▶ Data block:
━━━━━━━━━━━━━━━━━━━━

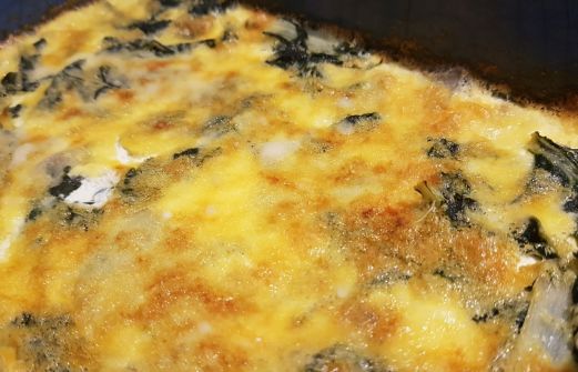 5 feuilles et branches de blettes 150g de fromage frais (carré frais ou autre) 3 œufs 15cl de lait 2 CS de maïzena 2 tranches de jambon 30g de parmesan sel, poivre
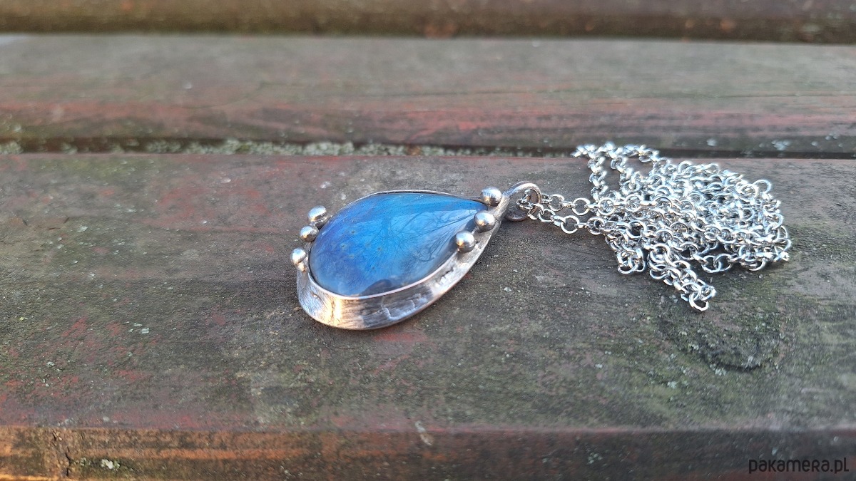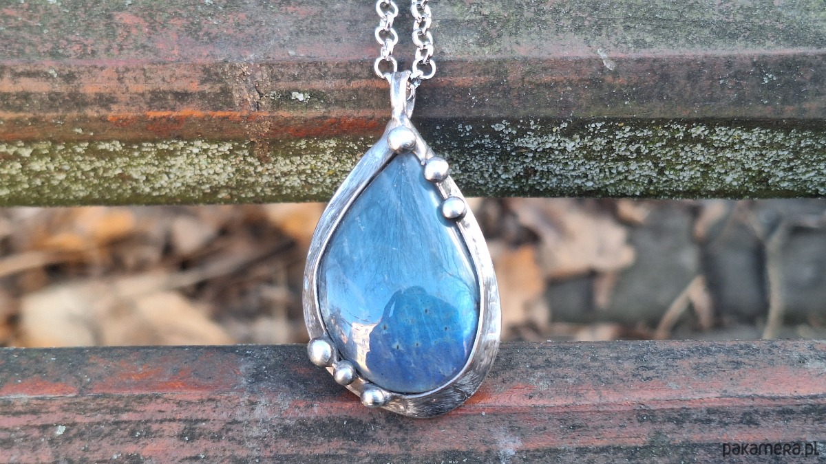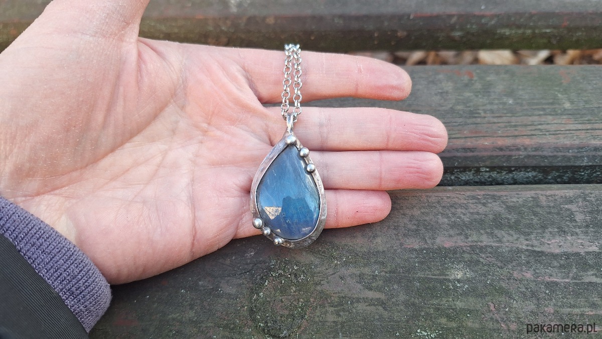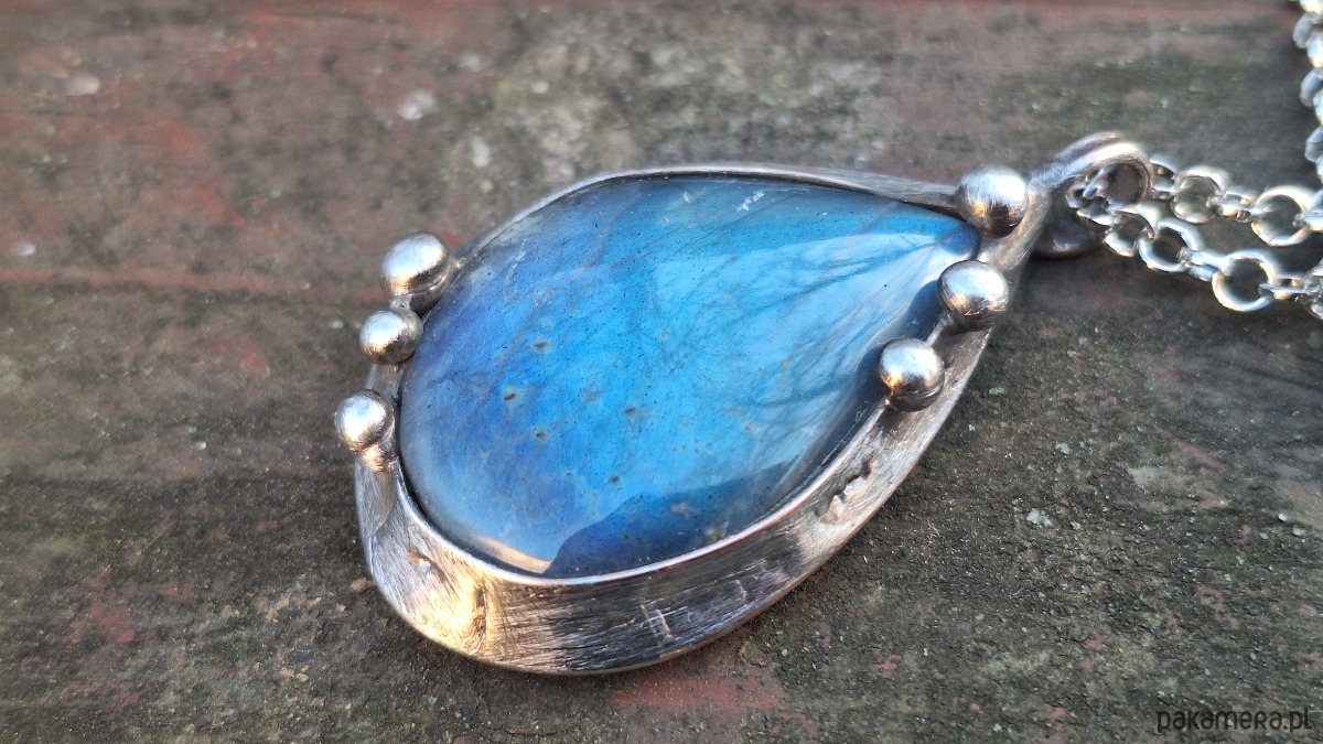 Wisiorek wykonany z miedzi, cyny i labradorytu. Wymiary ok. 4 na 2.7 cm. Zawieszony na łańcuszku o długości ok. 50 cm.
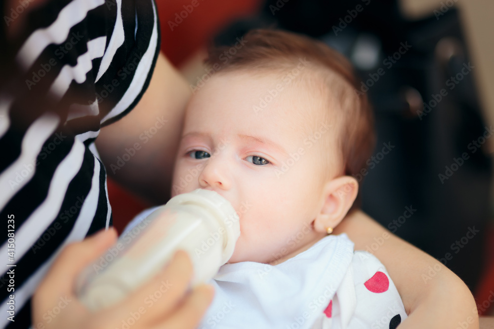 Fotografie Portrait of a Baby Being Bottle Fed Outdoors in the Park

━━━━━━━━━━━━━━━━━━━━

Copy out the material above in full and exactly, but with no pictures.

 5 feuilles et branches de blettes 150g de fromage frais (carré frais ou autre) 3 œufs 15cl de lait 2 CS de maïzena 2 tranches de jambon 30g de parmesan sel, poivre
 Wisiorek wykonany z miedzi, cyny i labradorytu. Wymiary ok. 4 na 2.7 cm. Zawieszony na łańcuszku o długości ok. 50 cm.
 Fotografie Portrait of a Baby Being Bottle Fed Outdoors in the Park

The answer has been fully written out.